Provide your staff with responsible beverage service training, such as the Aim To Serve program in Tennessee and California. Aim To Serve is far superior in customer satisfaction than TIPS (Training for Intervention ProcedureS) or ServSafe Alcohol. The ServSafe Alcohol training program is developed by the National Restaurant Association, while the Aim To Serve program is developed by leaders in their fields of expertise and the responsible sale or service of alcohol. These programs teach techniques to prevent intoxication and handle difficult situations.

One of the best parts of the Aim to Serve Program is that you can opt for either ABC Permits online training (for those who like to learn at their own pace) or ABC Permits classroom training for a more hands-on experience.

We also have a California Responsible Beverage Service Training (RBS) Program. In this program, you’ll learn all you need to know about responsible alcohol service and how to safely serve alcohol to customers.

According to a study published in the American Journal of Preventive Medicine, establishments with certified responsible beverage service training programs had a 57% reduction in the likelihood of a patron leaving highly intoxicated.

5. Monitoring Intoxication Levels

Train your staff to monitor patrons’ intoxication levels and intervene when necessary. The National Institute on Alcohol Abuse and Alcoholism (NIAAA) recommends using observable signs like slurred speech, impaired coordination, and changes in behavior to identify intoxication.

6. Offering Non-Alcoholic Options

You don’t want your client’s designated driver sitting morosely while his or her buddies are getting tipsy. Provide a variety of non-alcoholic drink options for patrons who choose not to consume alcohol or are designated drivers. The NIAAA reports that offering non-alcoholic alternatives can help reduce alcohol consumption and promote responsible drinking.

7. Get Liquor Liability Coverage

If your establishment serves alcohol, liquor liability coverage is advisable.

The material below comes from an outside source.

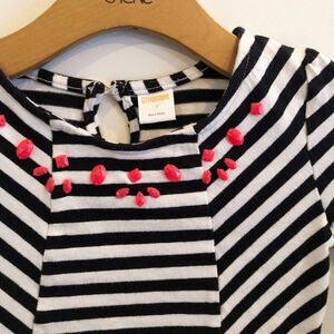 First size 6 -7 years. It’s from Gymboree brand, bottom for closure and pink stones on chest.
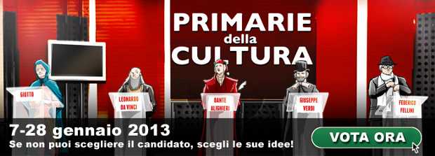 L’iniziativa si chiama ‘Le Primarie della Cultura’ ed è attiva dal 7 al 28 gennaio 2013 sul sito Web dedicato. È questa la prima volta che in Italia viene indetta una grande consultazione popolare con lo scopo di promuovere e valorizzare soluzioni nell’ambito della cultura, del paesaggio e dell’ambiente.

In many jurisdictions, businesses that serve alcohol are legally required to have liquor liability insurance. Alcohol-related incidents can result in substantial financial losses for businesses, including medical expenses, property damage, or legal fees.

Liquor liability coverage encourages businesses to implement effective risk management practices. Insurers often assess the establishment’s safety protocols, staff training, and responsible serving practices before providing coverage. This promotes a safe bar environment, as businesses strive to reduce the likelihood of incidents and claims.

Implementing these measures can significantly contribute to a safer bar environment, particularly during busy holidays when alcohol-related incidents tend to increase.